Thy lips are warm! (5.3.160-167)

JULIET                        Go get thee hence, for I will not away.

                        What’s here? a cup closed in my true love’s hand?

                        Poison I see hath been his timeless end.

                        O churl, drunk all, and left no friendly drop

                        To help me after? I will kiss thy lips,

                        Haply some poison yet doth hang on them,

                        To make me die with a restorative.

                        Thy lips are warm. (5.3.160-167)

Juliet’s first line here, poignantly, forms a couplet with the Friar’s exit line, I dare no longer stay, and her intention is clear from that very first line: she is not going anywhere, she is going to stay with Romeo, just as he said, only a moment or two earlier, I still will stay with thee.
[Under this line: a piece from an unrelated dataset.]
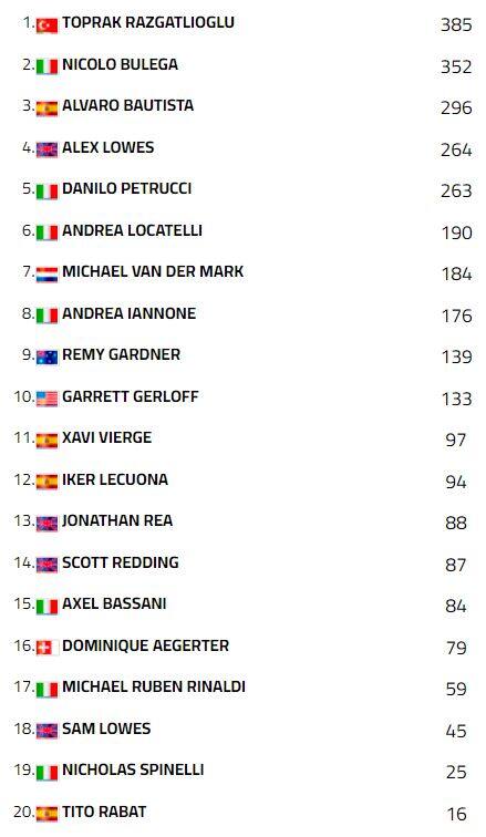Alle sue spalle si piazzano le BMW del rientrante Toprak Razgatlioglu del sorprendente Garrett Gerloff. Il turco bagna il ritorno con venti punti pesantissimi in classifica, specialmente alla luce dello zero di Nicolò Bulega, fermato da un problema tecnico prima della seconda partenza. Quanto al texano, il suo è un terzo posto pienamente convincente perché ottenuto scattando decimo e con tutti i protagonisti in pista, a partire da Alvaro Bautista che negli ultimi giri ha preso distacco concludendo quarto. Alle sue spalle, invece, Danilo Petrucci. Un buon sesto posto è il risultato finale di Iker Lecuona, che però poteva puntare a qualcosa in più alla luce della velocità mostrata nelle prove. Settima posizione per Alex Lowes seguito da Xavi Vierge, Michael Van Der Mark e Andrea Locatelli. A punti anche Axel Bassani, dodicesimo, e il già citato Rinaldi, tredicesimo.

That couplet, like Romeo’s talking to Juliet, emphasises her aloneness, and the rest of her speech is in blank verse – but with hints of half-rhyme (hand/end, drop/lips) which sound just enough like pairs emphatically not to be pairs. The thing that used to be one of two, that has lost its other half, is of a different order of loneliness and loss to the thing which has always been alone. As with Romeo’s speech, what looks regular on the page is interrupted by action. She finds the container closed in Romeo’s hand, and gently prises it from his fingers. Almost certainly, she lifts it to her lips, in a futile attempt to drink any friendly drop that might remain. Both of these take time. And then the longest pause, as she kisses him, the kiss which should be a restorative, something healing, life-giving, imagined as potentially deadly. (But it could be restorative if it reunited them in death, restoring them to each other.) The hand and the lips and the kiss take us back (as Romeo did in his speech, too) to the scene of the lovers’ first meeting, where hands were joined and the first – and subsequent – kisses were exchanged with such wonder, and alacrity. (Thus from my lips, by thine, my sin is purged. Then have my lips the sin that they have took. Sin from my lips? O trespass sweetly urged! Give me my sin again. You kiss by th’book.) The awful irony here is that she is indeed attempting to take sin from his lips, the sin (as it is imagined, in early modern doctrine) of suicide. This is the last kiss. And then that awful half-line: thy lips are warm. Familiar, comforting, physical, sensual; noticing every little thing (and making the audience too, perhaps, think of kisses, first and last). But also indicating that Romeo has only, just, this moment, died, that she is only, just, too late. As he so mistakenly asked, why art thou yet so fair? I think, at this moment, before the Watch are heard again, I want her to rest quietly with her Romeo, for just a little longer.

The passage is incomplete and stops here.